In an earlier post I attempted to shed a little light on “where wages come from” in order to dispel outdated (but still politically omnipresent) concepts that effectively pit “laborers” against “capitalists.” In our modern economy virtually everyone has the opportunity to not only work but to save, invest, and own land, mostly because of the economic growth we’ve been blessed to have since our founding.
Blessings shouldn’t be expected to continue in perpetuity, though, especially if we violate basic axioms about human behavior. The Church (and Israel before her) has been stressing this lesson for millenia concerning moral behavior. Economists have been stressing this for centuries concerning economic behavior, too. Though violating Church teaching has eternal consequences, the temporal consequences of violating economic teaching (especially on what causes growth) can be quite severe: poverty, income inequality, trade wars (which can turn into real wars), inflation, and recession.
In the political sphere, debates about rich vs poor, capitalism vs socialism vs interventionism, international trade, globalization, outsourcing, just wages, profits, etc., all spring from the fundamental phenomenon of production and trade. Why do we trade in the first place? Should there be less or more trade?
There is one persistent myth about trade that infects virtually all faulty economic logic: trade is a zero-sum game. This myth has two variants: when two people trade, 1) one side wins and the other side loses, or 2) each side exchanges something of equal value. From a social perspective, then, trade has no net benefit. Examples abound: if owners win, workers lose. If companies win, customers lose. If one country gets richer, other countries get poorer. If we import, domestic business suffers.
In demolishing this myth, the empirical data must first be dealt with. If trade has no net benefit, why do we do it so much? If after any trade I have either a 50% chance of being worse off or a 100% chance of not benefiting at all, why would I engage in so many trades? If trade has no net benefit, why don’t we see more people producing things at home? If 50% of the time that I buy a shirt I’m going to get ripped off, why don’t I make all my own shirts?

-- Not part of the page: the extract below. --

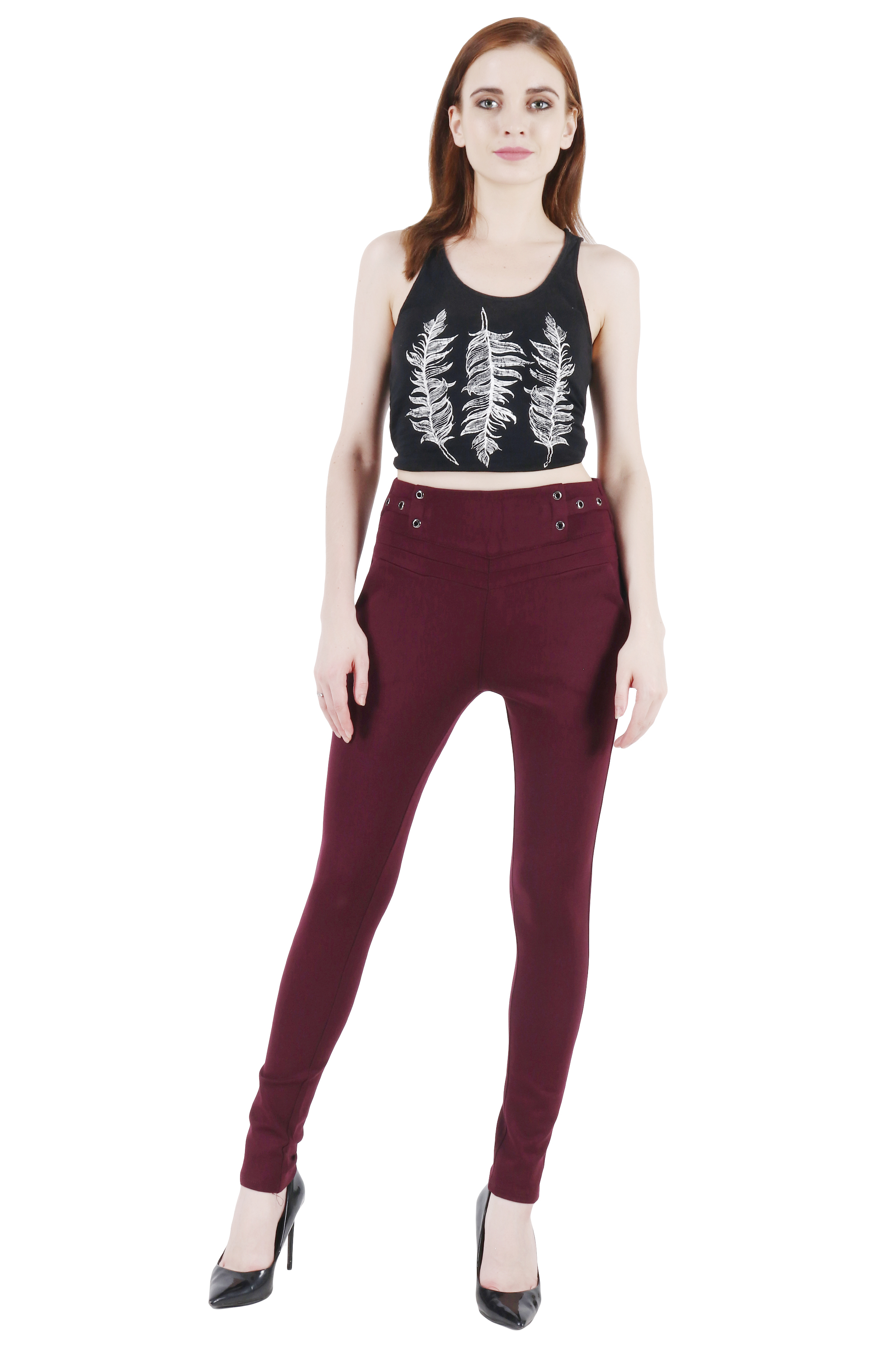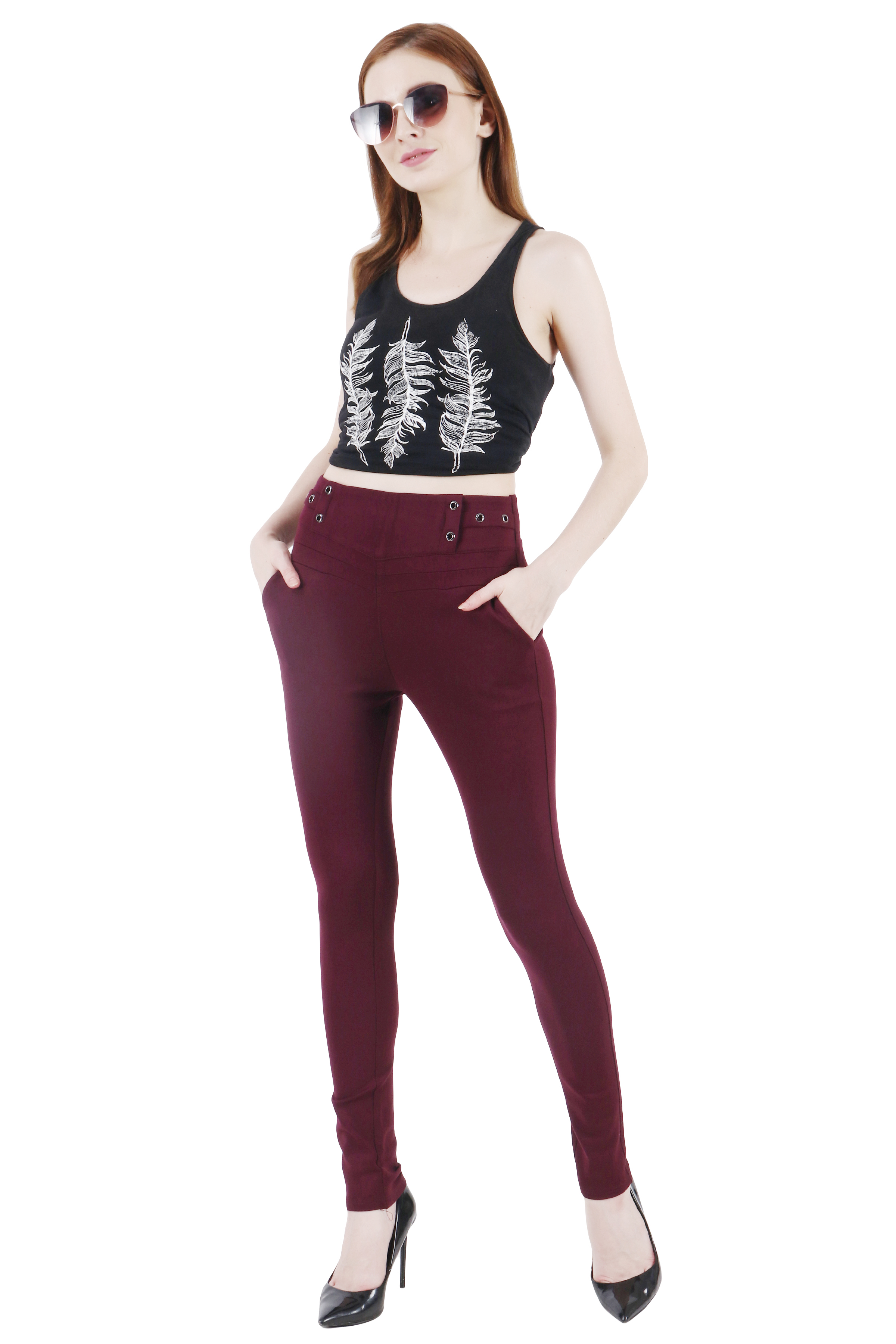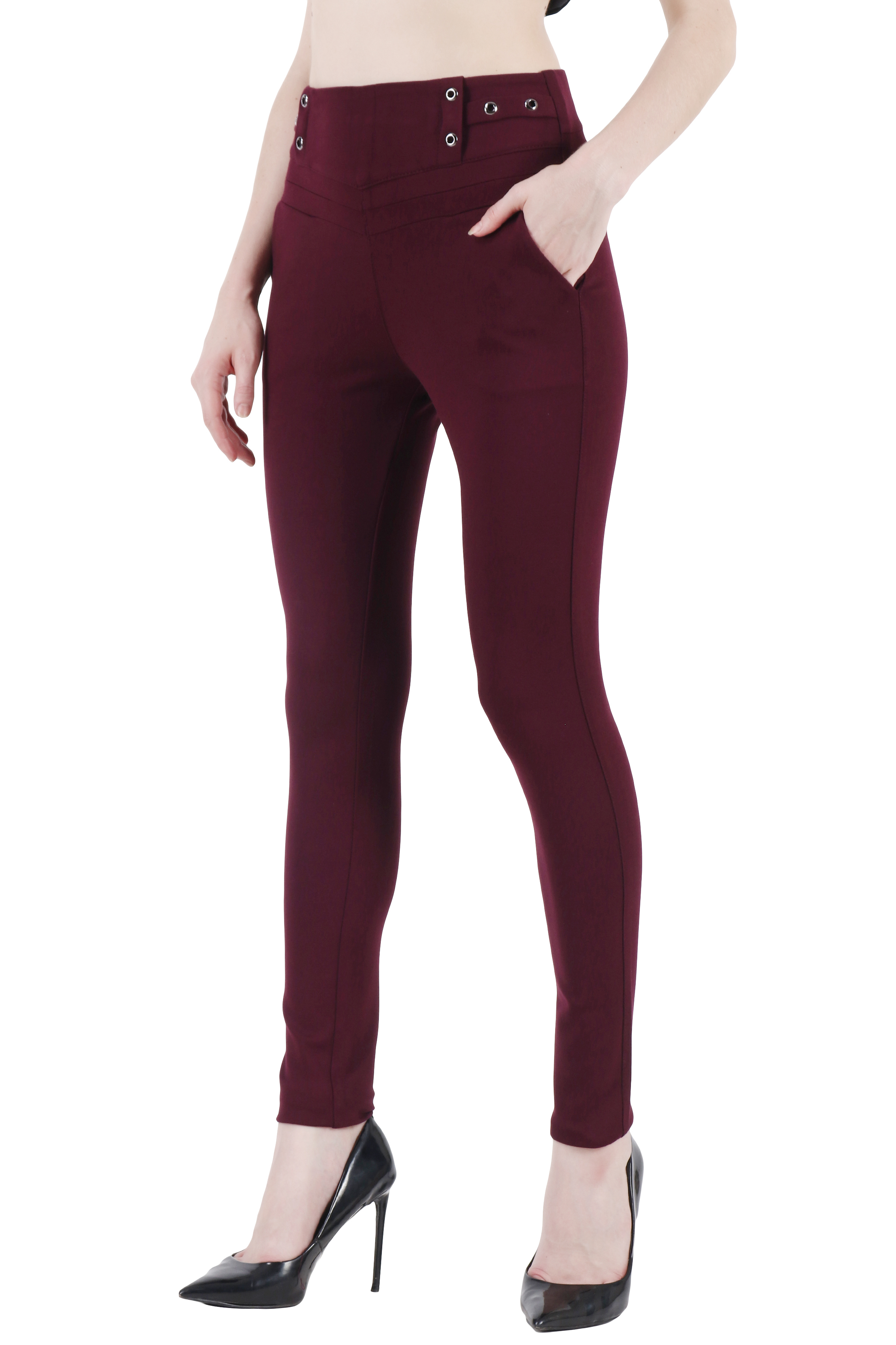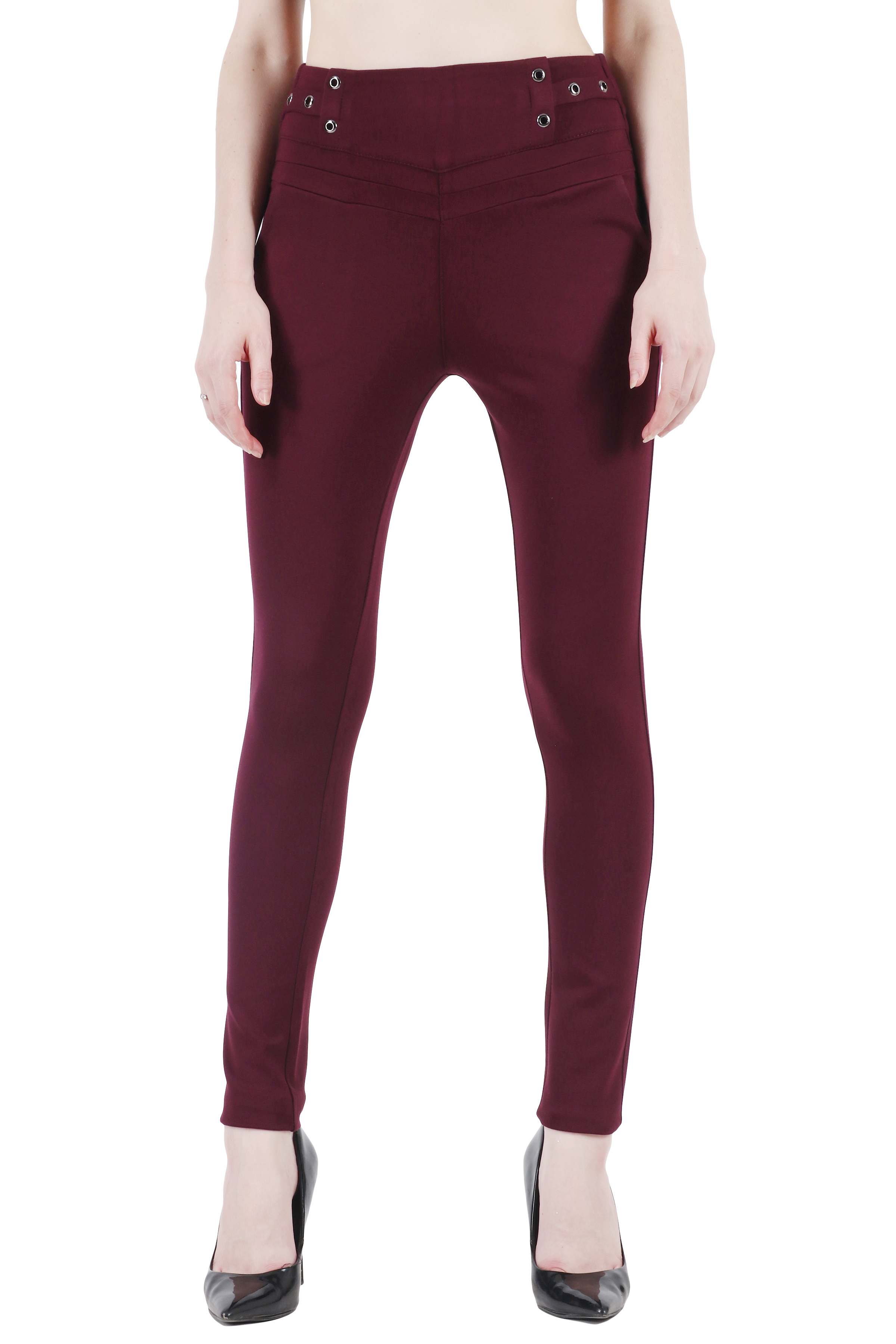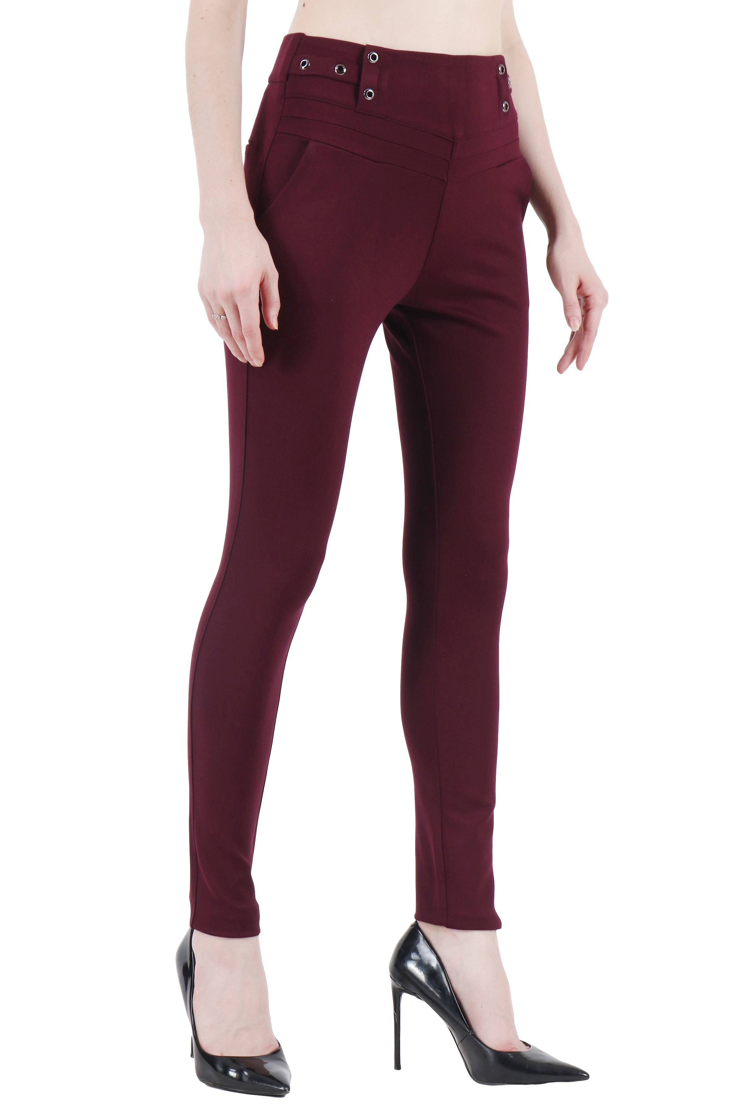 Wine Stylish and well-fitted designer Jegging, Breathable and Premium smooth fabric for all-day comfort, has an elasticated waistband for extra comfort and two front pockets, All styling accessories ( elastic, zipper, and buttons) used on the garment are of the best quality.

The reality, which we all know intuitively, is that trade is a positive-sum game. Both sides win. I don’t get ripped off buying the shirt and neither does the clothing store, because I wanted the shirt more than my money and the store wanted my money more than the shirt. Trade allows each of us to get rid of something we don’t want and get something we do want. This is true if the trade happens between neighbors or between people at different ends of the globe. While you can look at the trade as catering to each person’s greed, you can just as easily look at the trade as promoting care for the other person. In fact, trade does both: if I want to make myself better off, I have to serve others.
Without recognition of this fundamental reality, economic growth isn’t possible. Under the zero-sum presumption, tribes are suspicious of offers from outsiders. Though free-trade often gets blamed for fostering greed and cutthroat competition, it is the mercantilist zero-sum philosophy that drove nations to try to accumulate gold from other nations while never allowing its own gold to leave the borders.
Certainly not every trade is beneficial or should be allowed: abortionists should not be allowed to kill unborn babies; slave traders should not be allowed their “commerce.” Trade that is forced or that violates the rights of unwilling third parties should not be allowed. Aside from legal restrictions, we also must form the consciences of buyers and sellers about the morality of certain legal transactions (e.g., selling alcohol to minors, producing ultra-violent movies, etc.).
If we are supposed to care for our own, our family’s, and our neighbor’s material well-being, it is prudent to recognize the most effective (and morally acceptable) ways to achieve economic growth. Whether it is politically popular or not, market exchange outshines any other economic system.